A FORMER Post Office investigator who claimed he still believed a subpostmaster is guilty despite a court clearing him of theft came close to tears as he accused the Post Office of “deceiving” him and a “lot more people.”
Raymond Grant, who was legally forced to appear at the Horizon IT inquiry today, told the inquiry chair Sir Wyn Williams that he still considered William Quarm to be guilty of stealing money from his Post Office branch in North Uist, Scotland.
Quarm, who died aged 69 two years after being convicted of embezzlement in 2010 and ordered to carry out 150 hours of unpaid work, was posthumously cleared in the Court of Criminal Appeal in Edinburgh last year.
Today Mr Grant, who had interviewed Quarm, complained that he was not being paid for his time appearing before the hearing, saying he only submitted a two-page witness statement because he was dog-walking and looking after homeless residents in a Christian shelter.
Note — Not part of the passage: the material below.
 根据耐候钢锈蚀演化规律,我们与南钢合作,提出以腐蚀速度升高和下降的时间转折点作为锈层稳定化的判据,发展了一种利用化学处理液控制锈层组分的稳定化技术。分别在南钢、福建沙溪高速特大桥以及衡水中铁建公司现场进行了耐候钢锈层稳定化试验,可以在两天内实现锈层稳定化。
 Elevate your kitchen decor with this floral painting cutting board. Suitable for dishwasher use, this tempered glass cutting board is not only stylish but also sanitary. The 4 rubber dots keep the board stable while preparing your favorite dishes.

At the end of his evidence, Mr Grant appeared to become emotional as he said for his “part” in the scandal, he was “humbly sorry.”
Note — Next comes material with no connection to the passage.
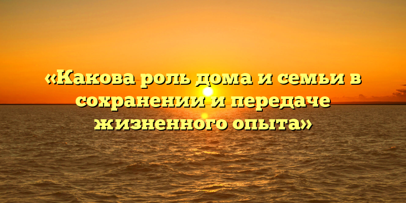 Роль дома и семьи в сохранении и передаче жизненного опыта очень важна. Дом и семья — это место, где мы проводим большую часть своей жизни и где получаем первоначальные уроки и знания о мире.
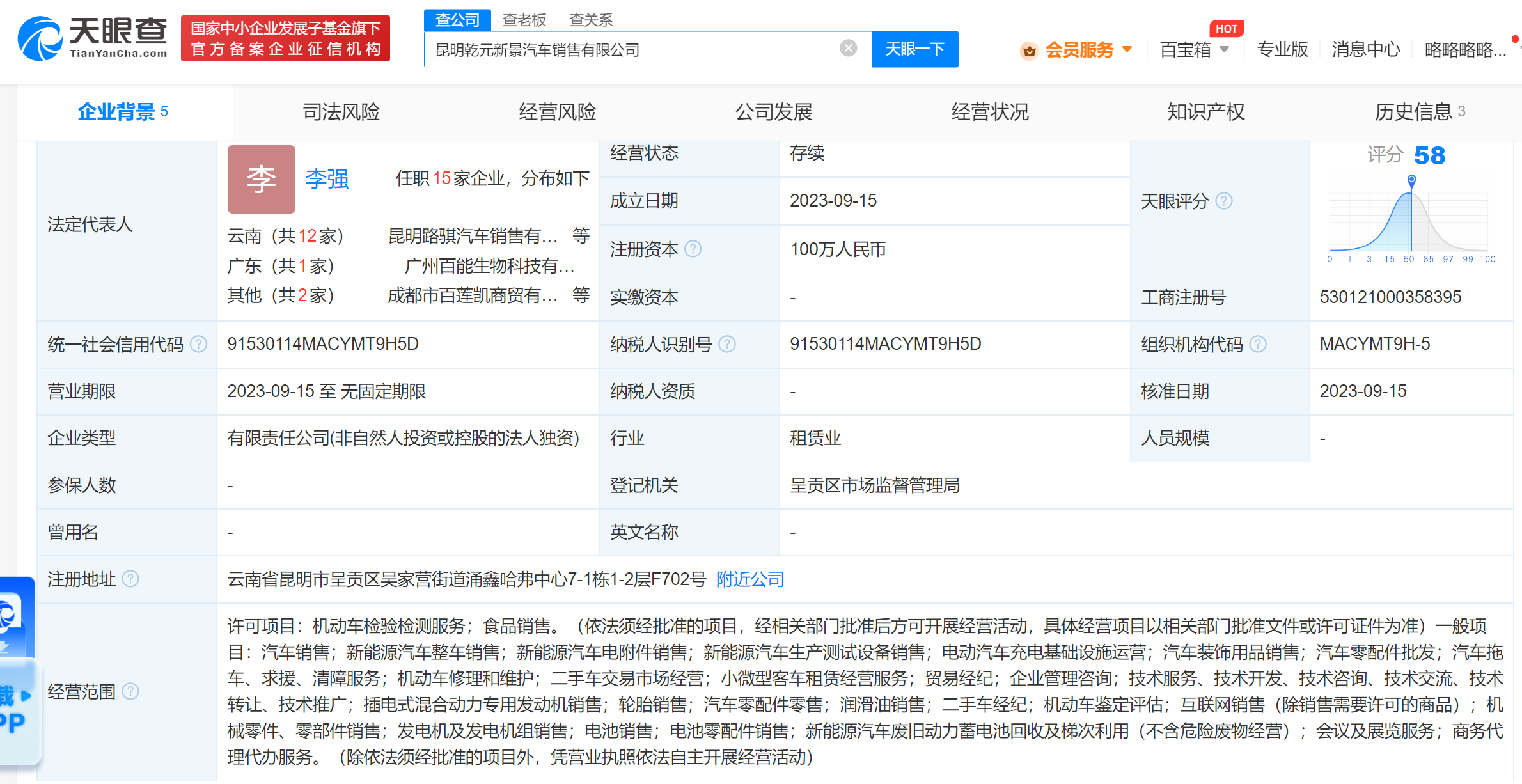 天眼查App显示,近日,昆明乾元新景汽车销售有限公司成立,法定代表人为李强,注册资本100万人民币,经营范围含汽车销售、新能源汽车整车销售、电动汽车充电基础设施运营、二手车经纪、电池销售等。

He said his former employer had been “less than open and honest with information that should have been shared,” adding: “They deceived me and they deceived an awful lot more people.”
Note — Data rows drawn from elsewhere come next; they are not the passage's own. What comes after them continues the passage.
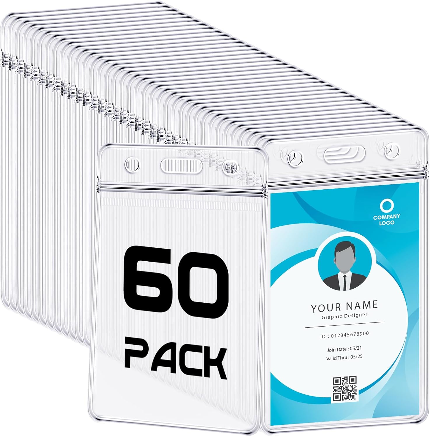 BESARME 60 Pack Vertical ID Card Badge Holder Clear Plastic Sealable Waterproof Zip Name Tag for Work Office Nurse School
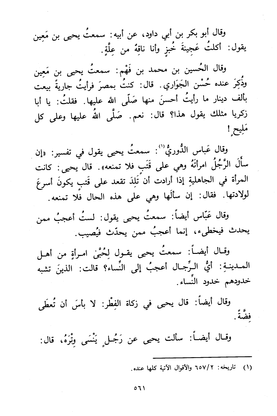 وَقَال الْحُسَيْن بْن مُحَمَّد بْن فهم: سمعت يَحْيَى بْن مَعِين وذكر عنده حسن الجواري. قال: كنت بمصر فرأيت جارية بيعت بألف دينار مَا رأيت أحسن منها صَلَّى الله عليها. فقلت يا أَبَا زكريا مثلك يَقُول هذا؟ قال: نعم. صَلَّى الله عليها وعلى كل مليح!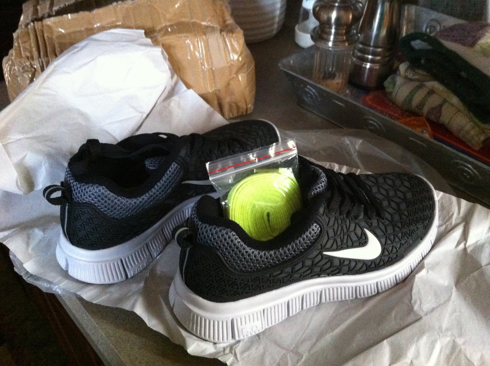 Tomorrow's plan is to get the postcards sent. My husband was so nice to pick them up from Staples for me today while I was on my way home from work. He negotiated a very low price to have them cut too since there were four per sheet (for $2 total to cut all of them!). He also went to the post office today to pick up my Nike shoes that I ordered online for more than 50% off (saw the site to order them on Pinterest) - here is a picture of them: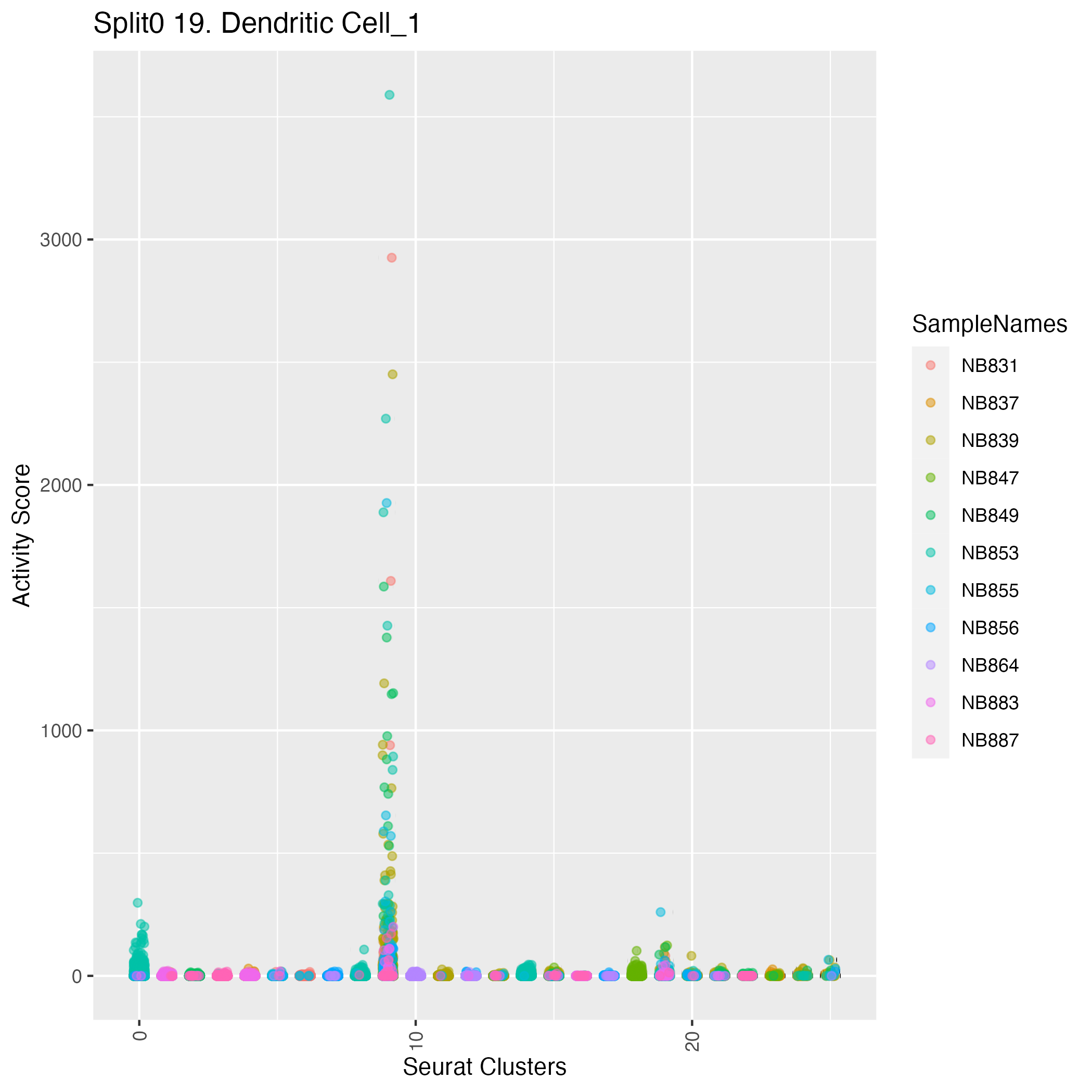 UMAP plots showing activity of gene expression program identified in community:19. Dendritic Cell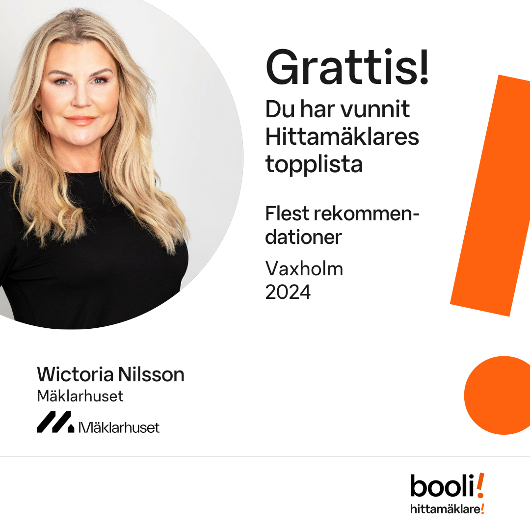 Statistik för publicerade bostäder, försäljningar och omdömen baseras på data från Booli och Hittamäklare. Statistiken för försäljningar avser inrapporterade och verifierade slutpriser från mäklare eller av Booli inhämtade och verifierade slutpriser. Statistiken för publicerade bostäder baseras på information som publicerats på Booli.se. Statistik för omdömen och rekommendationer baseras på omdömen från säljare som lämnats via Booli och Hittamäklare.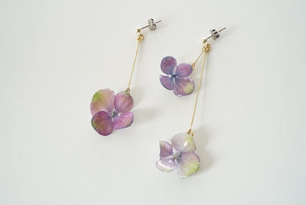 自然の花を樹脂加工して製作したピアス、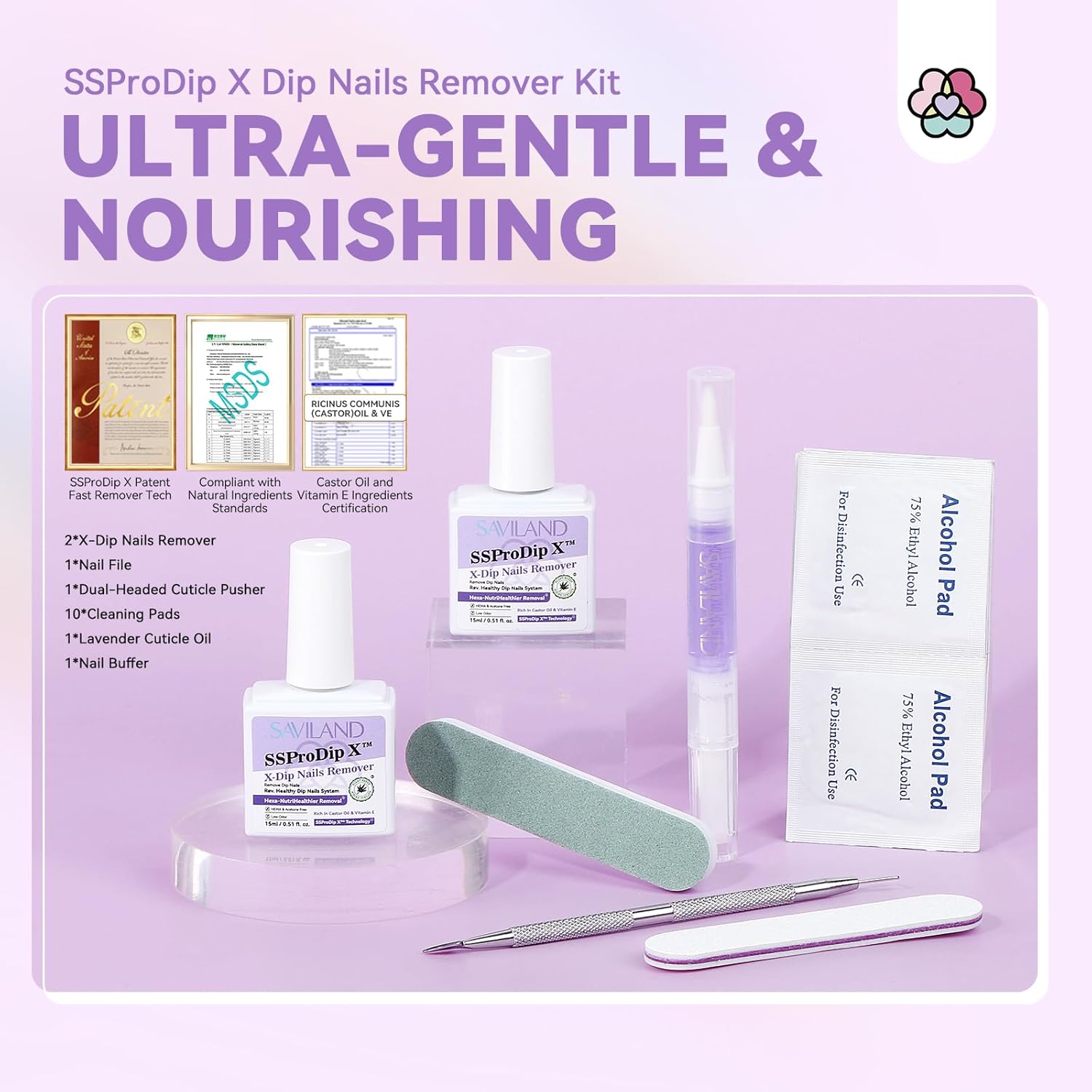 SAVILAND Dip Powder Remover Kit 2Pcs: 15ml Gentle & Safe Dip Nail Remover With Cuticle Oil Nail File Tools No Soak or Wrapping Removal Easy Remove at Home Gift For Women

More than 700 branch managers were prosecuted by the Post Office after Fujitsu’s faulty accounting software, Horizon, made it look as though money was missing from their shops.
The saga prompted an outcry across the country after it was dramatised in the ITV series Mr Bates vs The Post Office earlier this month.
Hundreds of subpostmasters eligible for £600,000 payouts are still awaiting compensation.